AIknowlah/imda-agentic-governance

Repository files navigation

🛡️ IMDA Agentic Governance

Agentic ETL Architect — Secure RAG Pipeline for Singapore SME Context

IMDA 2026 PDPA BigQuery Gemini Status


⚠️ Important Notice to All Readers

This repository is a complete, versioned governance project.

Built as a live build journal — a transparent record of a governance-first AI development approach from v0.9 through v1.5.

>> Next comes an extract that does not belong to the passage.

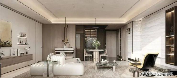 同时,地上地下的双精装大堂的设计,采用鎏金色的门厅设计单元入户门头、采用太古黑石材和绿色奢石等材料点缀的入户大堂内部。
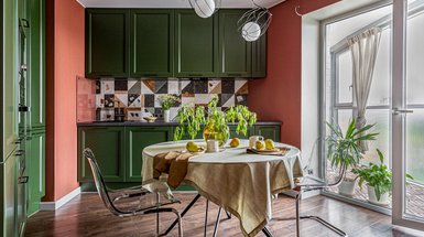 Яркий кухонный гарнитур хозяева квартиры заказали еще до начала сотрудничества с дизайнером, он просто ждал своего часа. Чтобы вписать его в общую концепцию, было принято решение раскрасить стены в кухне-гостиной в поддержку ярко-зеленых фасадов — многоцветность и графика легко подружились.

All 11 AI Verify principles have been assessed. 9 of 11 are at High readiness. All gaps are documented honestly in docs/AIVerify_Gap_Analysis_v1_3.docx

The full governance submission package is available in docs/.


📌 Build Progress

Phase Description Status Notes
Phase 1 Data Governance & Ingestion (BigQuery + Gemini Embeddings) ✅ Complete Stable
Phase 2 Agentic RBAC Retrieval (LangGraph Pipeline) ✅ Complete SQL injection fixed in v1.0
Phase 3 Ethics & Governance Layer (HITL + Audit Logs) ✅ Complete Two-person HITL gate, supervisor PIN, lockout, Gmail escalation
Phase 4 AI Verify Evidence Package & Formal Governance Report ✅ Complete 134 tests passing, governance documents published, v1.5 report complete

🎯 What This Project Does

This project builds an Agentic ETL Architect — a secure, role-based, AI-powered data retrieval system that demonstrates responsible AI governance in practice.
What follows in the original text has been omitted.